[Activity]
These records contain pictures, which must be left out; copy exactly the lines from the one with "随后,郑金峰老师就制药专业基" up to and including the one with "俯拍夕陽下陽臺地板上放著的日記本和水果".
*** Records for this exercise ***
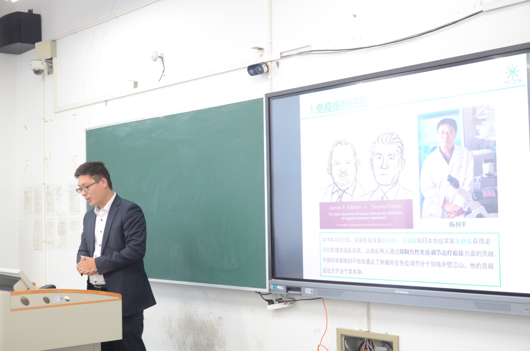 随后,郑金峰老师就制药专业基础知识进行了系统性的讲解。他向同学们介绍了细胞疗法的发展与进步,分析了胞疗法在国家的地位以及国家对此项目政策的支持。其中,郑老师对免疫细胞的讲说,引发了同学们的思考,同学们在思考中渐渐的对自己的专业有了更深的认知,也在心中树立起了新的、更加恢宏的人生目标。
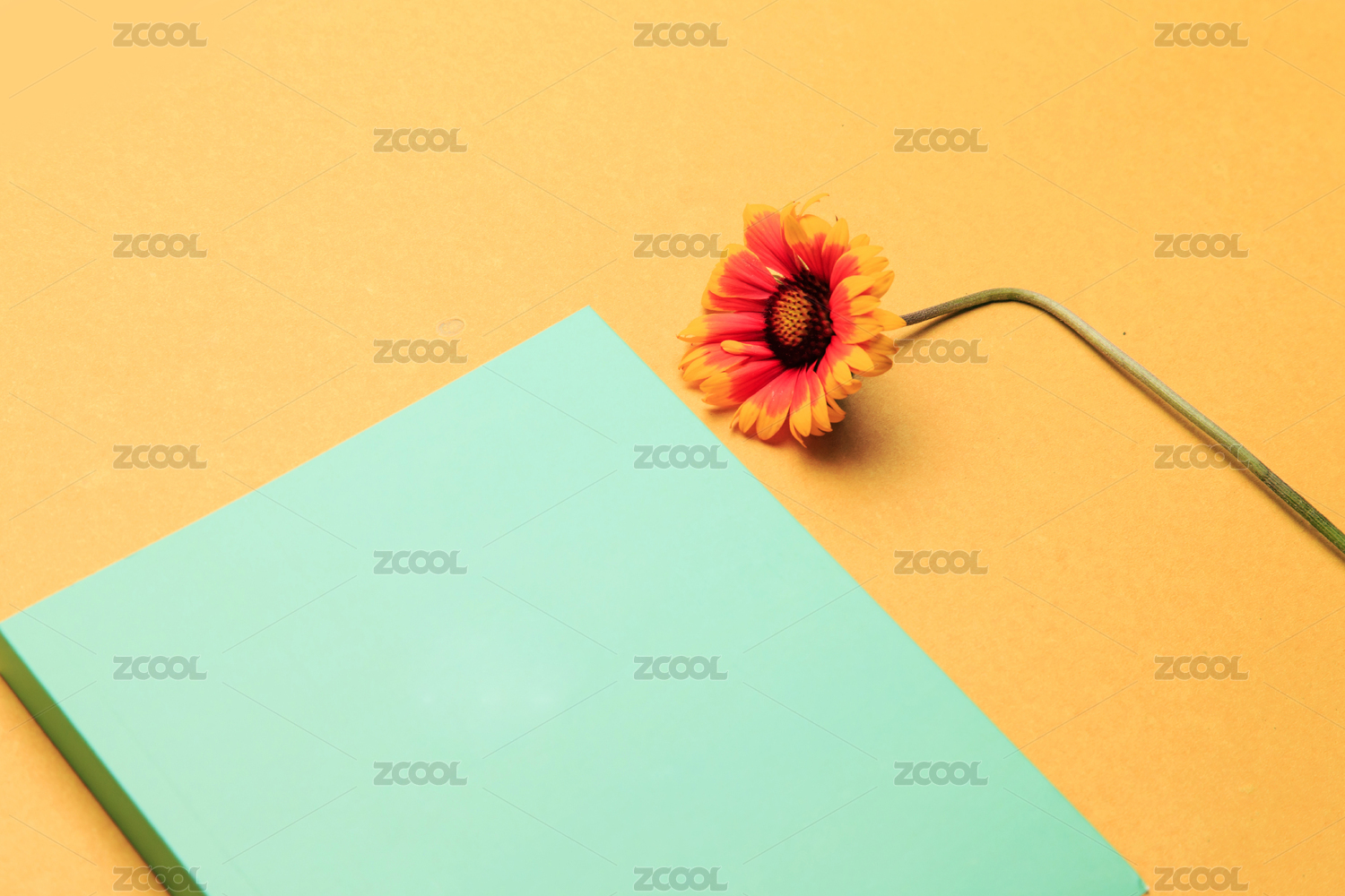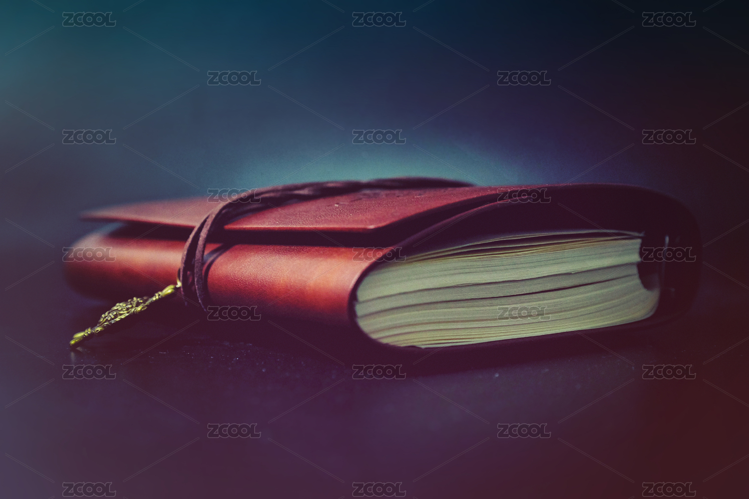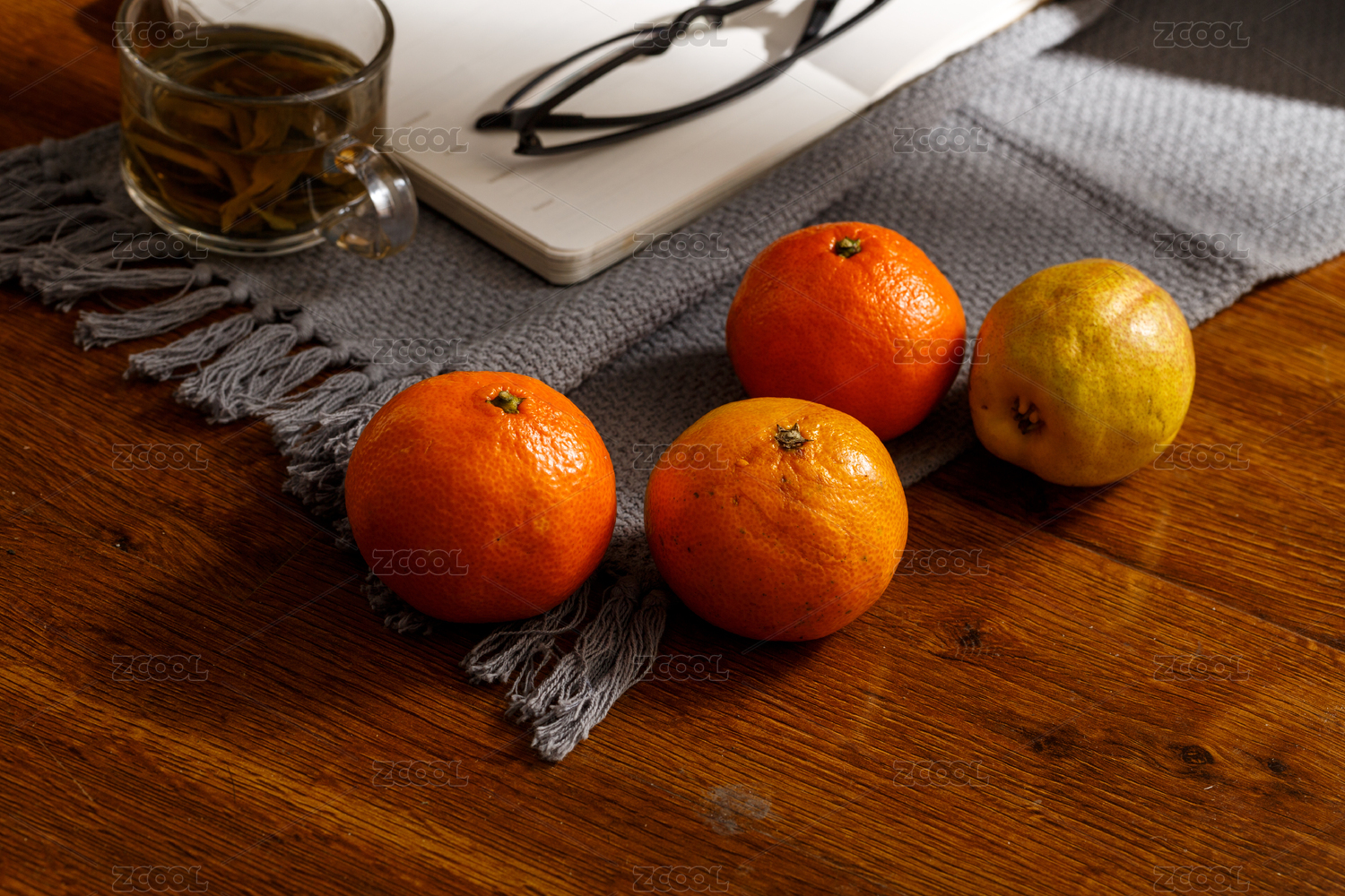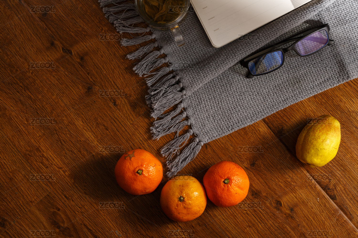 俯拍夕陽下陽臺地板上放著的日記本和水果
***
*** Records for this exercise ***
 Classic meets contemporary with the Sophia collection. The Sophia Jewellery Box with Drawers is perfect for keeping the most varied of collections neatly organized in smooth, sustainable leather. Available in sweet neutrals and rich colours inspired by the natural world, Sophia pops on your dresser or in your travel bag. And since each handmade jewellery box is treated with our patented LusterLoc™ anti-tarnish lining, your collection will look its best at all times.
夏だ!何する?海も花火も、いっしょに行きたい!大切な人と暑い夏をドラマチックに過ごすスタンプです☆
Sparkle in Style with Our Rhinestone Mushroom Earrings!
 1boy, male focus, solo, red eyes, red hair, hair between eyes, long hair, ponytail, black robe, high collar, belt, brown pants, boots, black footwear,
***
[Exercise response]
 随后,郑金峰老师就制药专业基础知识进行了系统性的讲解。他向同学们介绍了细胞疗法的发展与进步,分析了胞疗法在国家的地位以及国家对此项目政策的支持。其中,郑老师对免疫细胞的讲说,引发了同学们的思考,同学们在思考中渐渐的对自己的专业有了更深的认知,也在心中树立起了新的、更加恢宏的人生目标。
 俯拍夕陽下陽臺地板上放著的日記本和水果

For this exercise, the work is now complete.